Problem description: All of the listing should be returned as written, apart from any picture in it.
Top of Supplied data
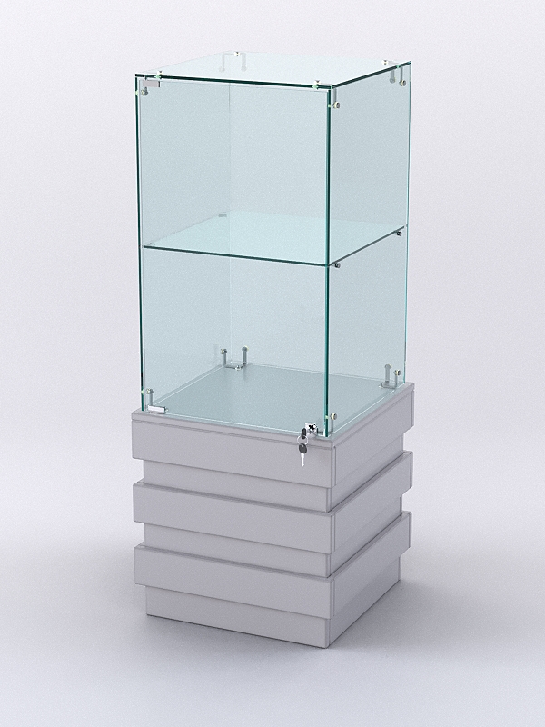 Каркас прилавка выполнен из ЛДСП. Корпус и полка витрины — стеклянные.
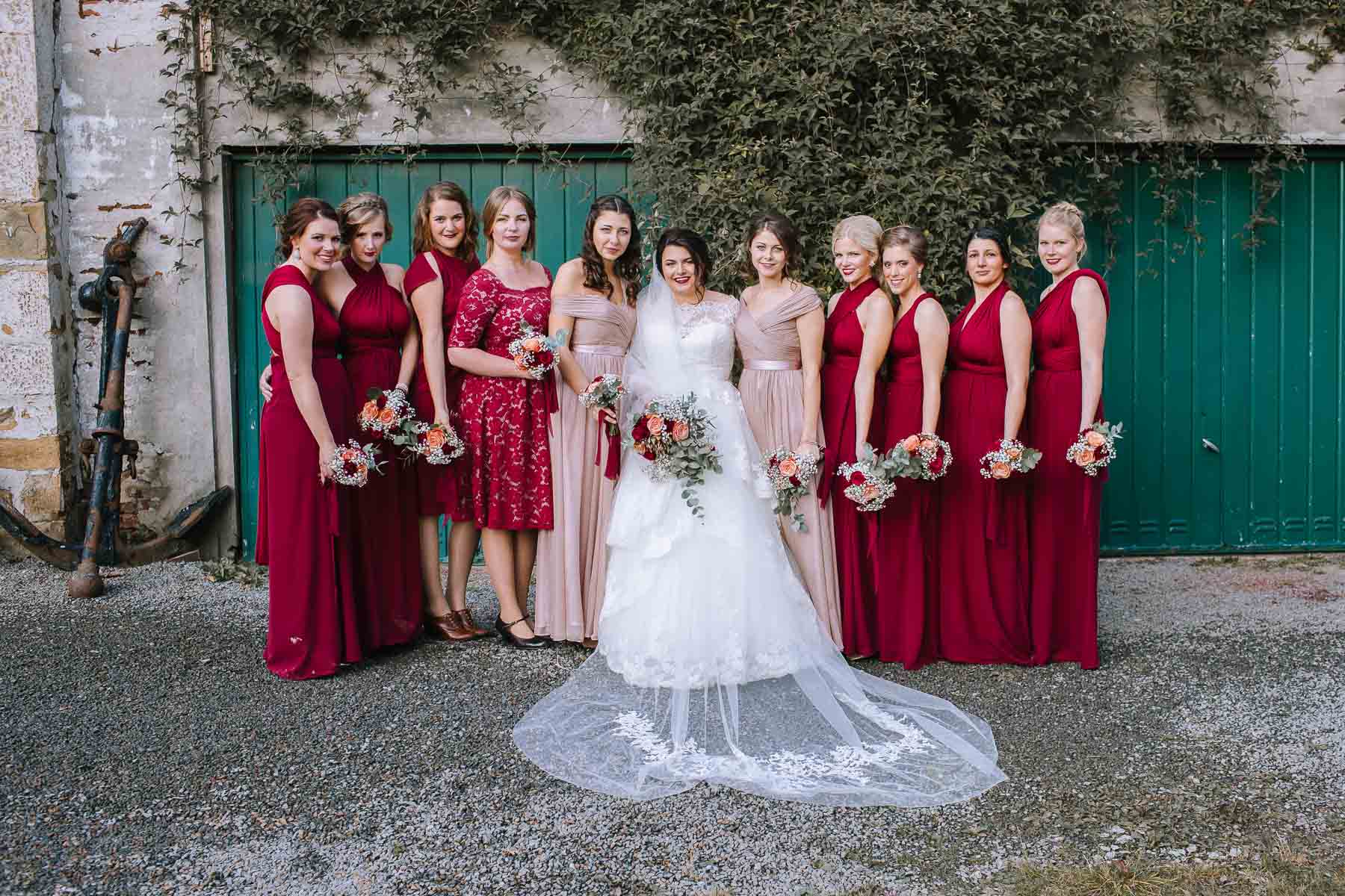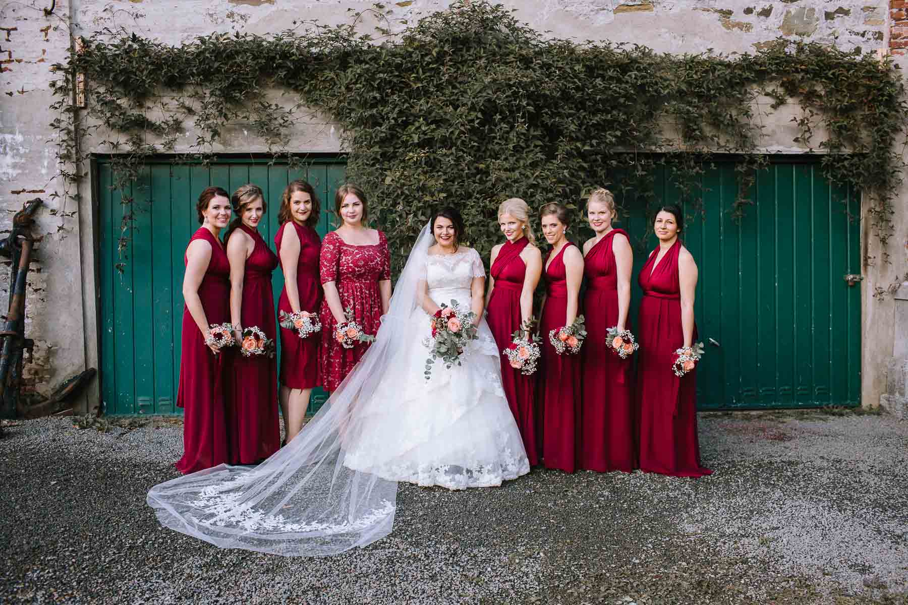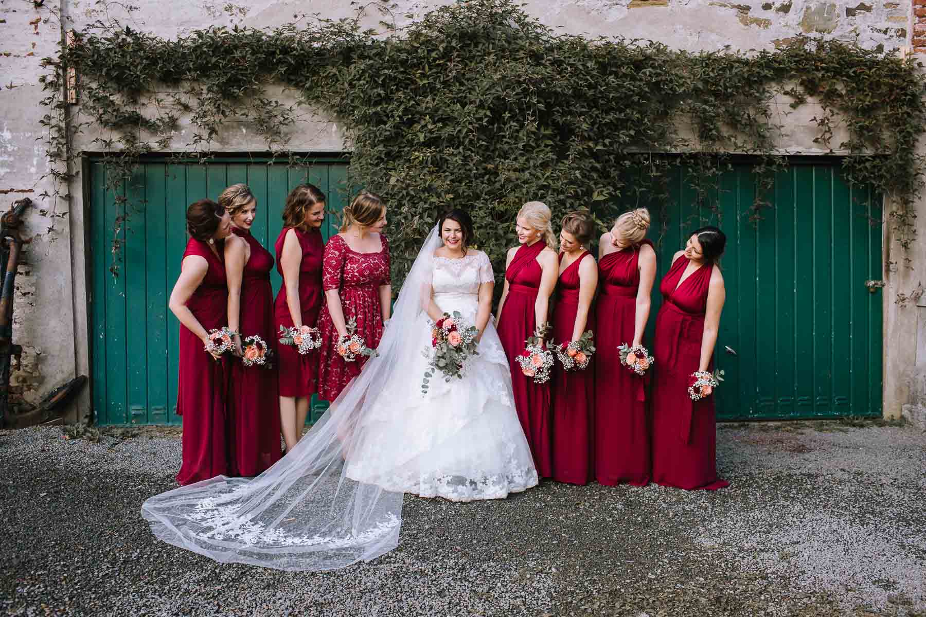 Wie in Annas Freundeskreis üblich – die Mädels kennen sich größten Teils schon seit der Grundschulzeit- trugen auch alle Brautjungfern dieselben Kleiner, was wunderschön aussah. Natürlich ließen sie es sich nicht nehmen, Anna beim Getting Ready in ihrem Elternhaus zur Seite zu stehen. Es war ein ganz schönes Gewusel, aber alle waren gut gelaunt und sorgten dafür, dass eine herzliche und emotionale Stimmung herrschte.
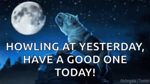 A cute dog howls at a full moon with the message 'Howling at yesterday, have a good one today!'
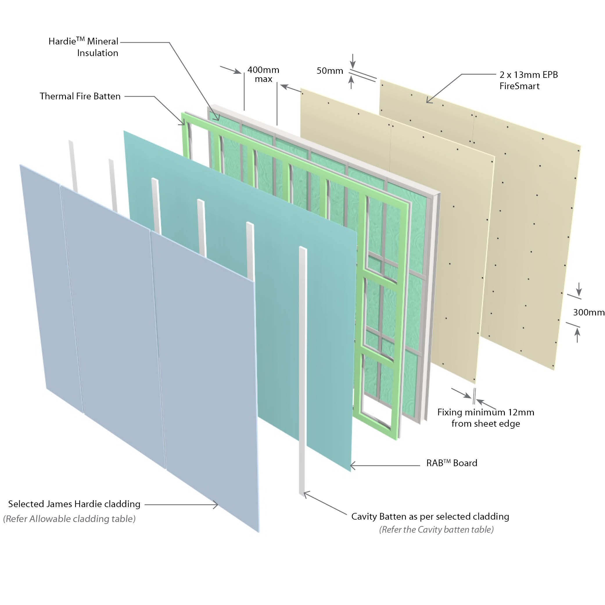 James Hardie RAB™ Board with Selected James Hardie Fibre Cement cladding to External side
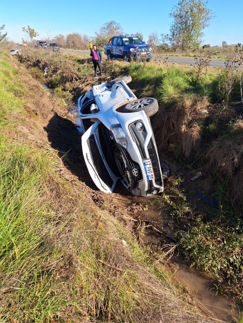 Ambos vehículos, ya descontrolados, dieron varios trompos y fueron a parar a la profunda zanja lateral.
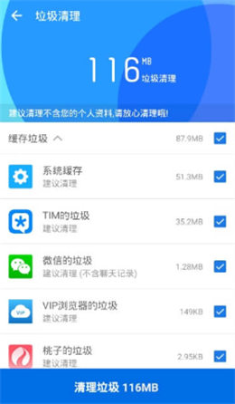 聊天垃圾、应用缓存、视频缓存,各种垃圾一键快速清理,效果真的是666,目前为止用过的最好用的清理手机软件,之前体验就是因为广告太多,现在用这款去广告版真的很舒服,重要文件还会提醒一下,非常不错的!
Bottom of Supplied data
Reply to the task:
 Каркас прилавка выполнен из ЛДСП. Корпус и полка витрины — стеклянные.
 Wie in Annas Freundeskreis üblich – die Mädels kennen sich größten Teils schon seit der Grundschulzeit- trugen auch alle Brautjungfern dieselben Kleiner, was wunderschön aussah. Natürlich ließen sie es sich nicht nehmen, Anna beim Getting Ready in ihrem Elternhaus zur Seite zu stehen. Es war ein ganz schönes Gewusel, aber alle waren gut gelaunt und sorgten dafür, dass eine herzliche und emotionale Stimmung herrschte.
 A cute dog howls at a full moon with the message 'Howling at yesterday, have a good one today!'
 James Hardie RAB™ Board with Selected James Hardie Fibre Cement cladding to External side
 Ambos vehículos, ya descontrolados, dieron varios trompos y fueron a parar a la profunda zanja lateral.
 聊天垃圾、应用缓存、视频缓存,各种垃圾一键快速清理,效果真的是666,目前为止用过的最好用的清理手机软件,之前体验就是因为广告太多,现在用这款去广告版真的很舒服,重要文件还会提醒一下,非常不错的!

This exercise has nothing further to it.